Callum bent down to kiss his mother on the cheek. ‘Don’t get up,’ he said, ‘I’ll let myself out. And don’t forget Leah will be coming on Tuesday.’
Marianne smiled. ‘I’m not likely to forget. I’ll ask Anna to pick her up from the station. And one of these days I would like to see my other grand-daughter again.’
‘Well, I’m hoping she might come over this summer.’
Marianne wished her son a safe trip and listened to the front door close before getting up from her armchair and walking over to her desk. Opening her laptop, she logged on to her bank account and her separate mortgage account.

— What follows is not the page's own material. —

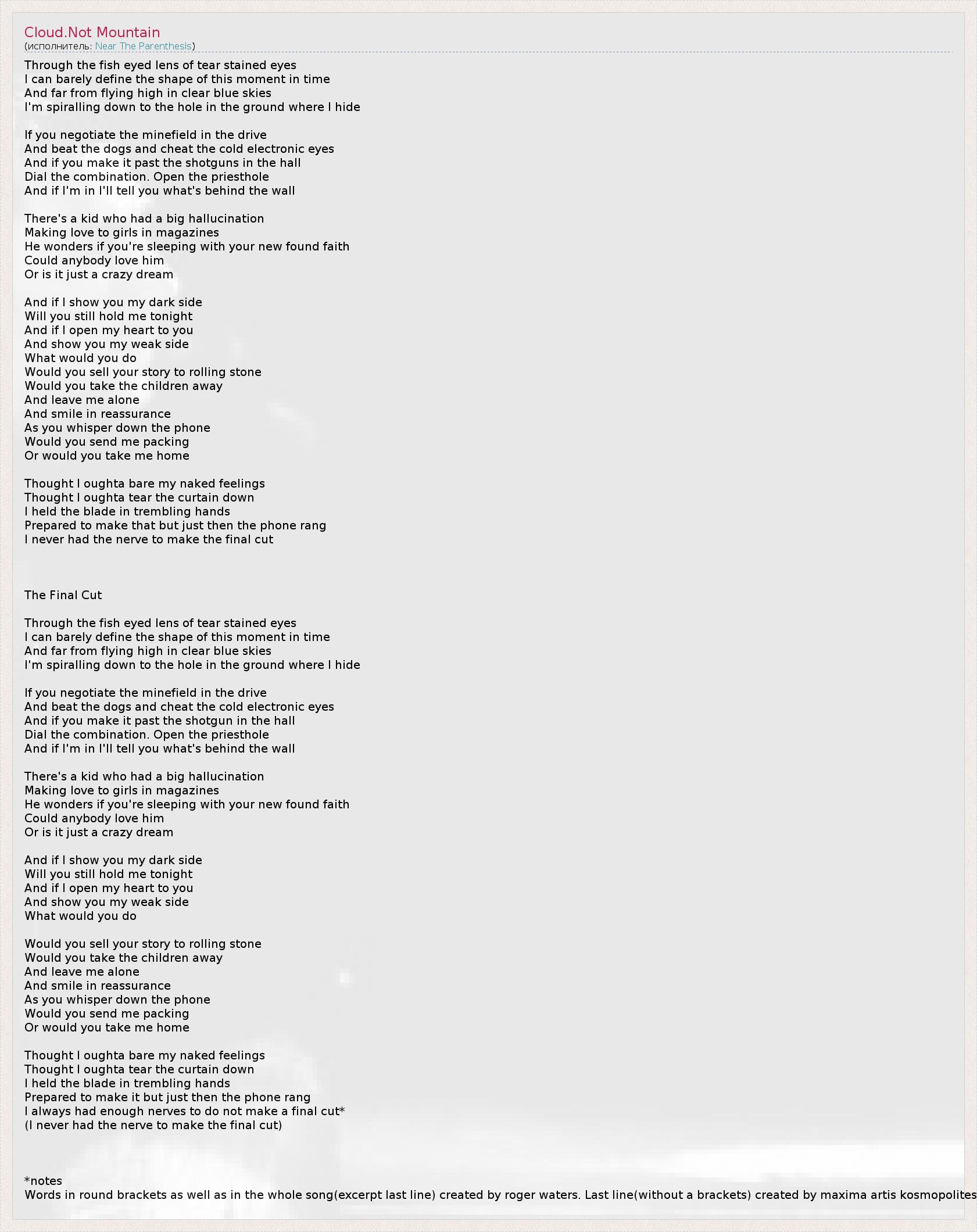 Сквозь рыбоглазые линзы заплаканных глаз, Я едва ли могу определить очертания этого момента времени. И удаляясь от вышины чистых голубых небес, Я вхожу в пике в направлении норы в земле, и в ней скрываюсь. Если ты пройдешь минное поле, Справишься с собаками и обманешь холодные электронные глаза, И если ты минуешь дробовики в прихожей, Набери комбинацию. Открой окошко священника. И если я там, я поведаю тебе о том... (что находится за стеной) Вот ребёнок у которого была сильная галлюцинация. Занимаясь любовью с девчонками из журналов, Он интересуется: если кто-либо спит со своей вновь обретённой верой, Может ли кто-нибудь полюбить его, Или это только безумная мечта? И если я покажу тебе свою тёмную сторону, Будешь ли ты продолжать удерживать меня? И если я открою тебе своё сердце, И покажу свои слабые стороны, Что ты будешь делать? Продашь свою историю в журнал "Роллинг Стоун"? Заберёшь детей, И оставишь меня одного? И улыбнешься в успокоении, Шепча в телефон. Пришлешь мне вещи Или отведешь меня домой? Я думал, что готов раздеть свои голые чувства. Я думал, что готов сорвать занавес. Я держал лезвие дрожащими руками, Готовый сделать это, но именно тогда зазвонил телефон. У меня никогда не было характера, чтобы поставить последнюю точку. Финальный надрез (перевод Максим Найденко из Таганрога) Cквозь рыбообразные линзы, застеленных пеленой слез глаз, C трудом улавливаю очертания этого мгновенья во времени. И отнюдь не порхая в чистом небе, напротив, Пикирую вниз в земной лаз, где я прячусь от бремени. Если обойдешь минное поле, что стоит на пути, И свору собак, обнажишь и электронный глаз впереди, Пройдешь по предтечею с винтовкой в руке, Справишься с сейфом в столе, И, если найдешь меня там - открою правду о том, кто прячется в стене. Там паренек, что словно грезит на яву, И женщины с обложек улыбаются ему. Ему нужно знать, не станешь ты ли хоть во сне его судьбой, Любили ли его, Или все это был безумца сон. И если открою свою темную сторону, Обнимешь ли ночью еще. И если открою я сердце свое, Покажу слабину, Что сделаешь ты? Отдашь ли сей сказ в журнал модный, Спрячешь детей от меня, И оставишь меня одного с пометкой “негодный”, Улыбаясь, вторя горю моему Подобно шепоту по телефону своему, Отправишь паковаться Или впустишь за порог. Обязанным считал некрытых чувств не укрывать. Обязанным считал покров сорвать. И лезвие схватив дрожащими руками, Собрался сделать это, но телефон звонит…. Смог я найти в себе завет и не покинуть этот свет* (Не смог найти я сил надрез последний совершить). *Примечания: Строчка в финале принадлежит, как в переводе, так и в оригинале автору перевода и ковер версии Максиме Артису Космополитесу, так же известному как Максиму Васильевичу Найденко. Строка из скобок в оригинале и остальной текст принадлежат автору оригинала песни(Роджеру Вотерсу).

She was also draining money faster than she could afford. Interest on the equity release scheme was ratcheting up the debt. Even with the separate flat rented out, the house was still costing her too much. Anna’s salary was a luxury she could barely afford but she couldn’t contemplate doing without her. Then there was the money she had loaned to Anna and her boyfriend so that he could start his own restaurant. That had not been an entirely altruistic gesture, she acknowledged to herself. Finally, there were Leah’s school fees. It had been an impulsive gesture to offer to pay for private schooling for Leah – and one which she certainly couldn’t afford. Still, only one more term to pay.
Despite her own difficulties, she wanted to help Callum; it seemed suddenly a matter of great urgency, and she sat staring at her screen trying to imagine a way this might be done while the light faded around her.
Back in France, she is sitting with her sister Claire on a swing sofa at Les Trois Cheminées, watching Callum across the lawn on the other side of the garden. He is attempting to make a drawing of the house in his careful, methodical way. He is seventeen, and whereas at that age Izzy was slim, agile, sharply opinionated, and often confrontational, Callum is the opposite. Although certainly not fat, he has a solid build and walks with a slightly rolling gait. His face has a fleshy appearance and his eyes – though technically blue – are much paler than Izzy’s, with tinges of yellow and muddy green. Lacking the physical grace of his mother, he gives the impression of having a rather precise and fussy air; famously tidy to the point of obsession, he contradicts the stereotype of the messy teenager with which Marianne became familiar from years of picking up after her daughter. What worries Marianne is that – unlike Izzy, who was never short of friends, both male and female – Callum often seems almost to relish a solitary existence.